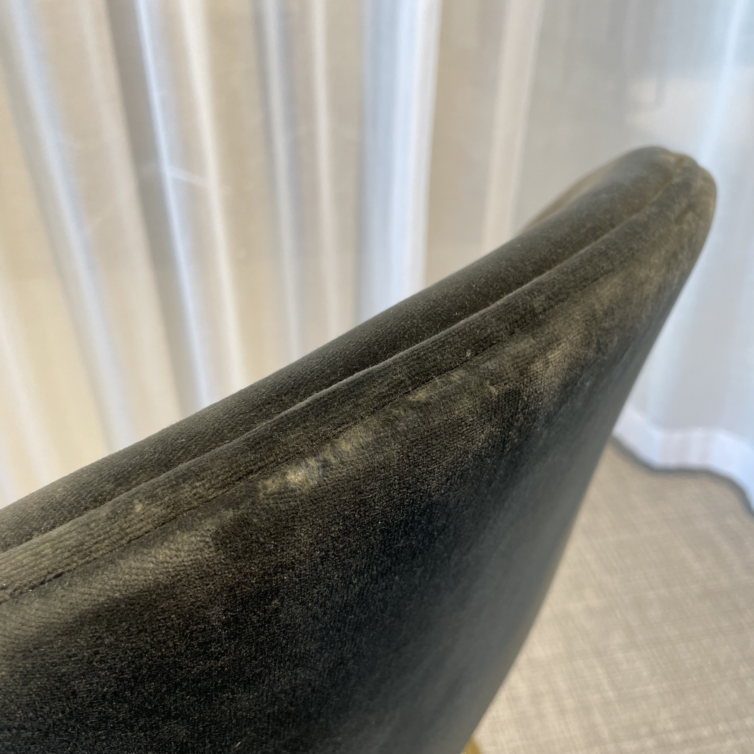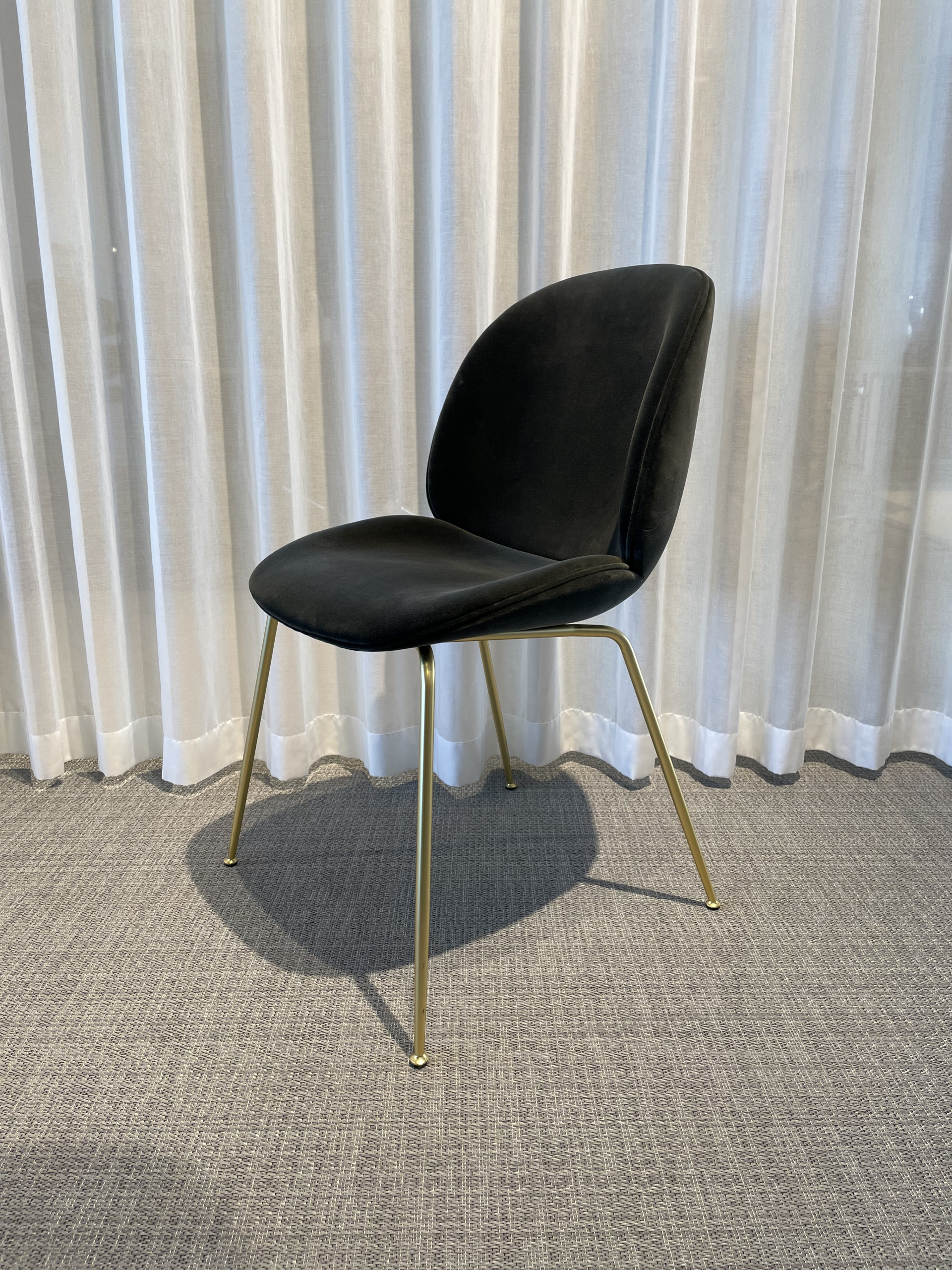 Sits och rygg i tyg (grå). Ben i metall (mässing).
==
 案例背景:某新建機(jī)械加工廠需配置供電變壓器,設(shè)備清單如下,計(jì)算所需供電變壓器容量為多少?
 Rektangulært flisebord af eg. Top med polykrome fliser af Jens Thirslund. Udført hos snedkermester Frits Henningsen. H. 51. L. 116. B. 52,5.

> [Work required] Your task is to transcribe, with no changes, only the lines of the listing above that lie between the line holding "案例背景:某新建機(jī)械" and the line holding "Rektangulært flisebord af", inclusive.

> [Answer to the exercise]
 案例背景:某新建機(jī)械加工廠需配置供電變壓器,設(shè)備清單如下,計(jì)算所需供電變壓器容量為多少?
 Rektangulært flisebord af eg. Top med polykrome fliser af Jens Thirslund. Udført hos snedkermester Frits Henningsen. H. 51. L. 116. B. 52,5.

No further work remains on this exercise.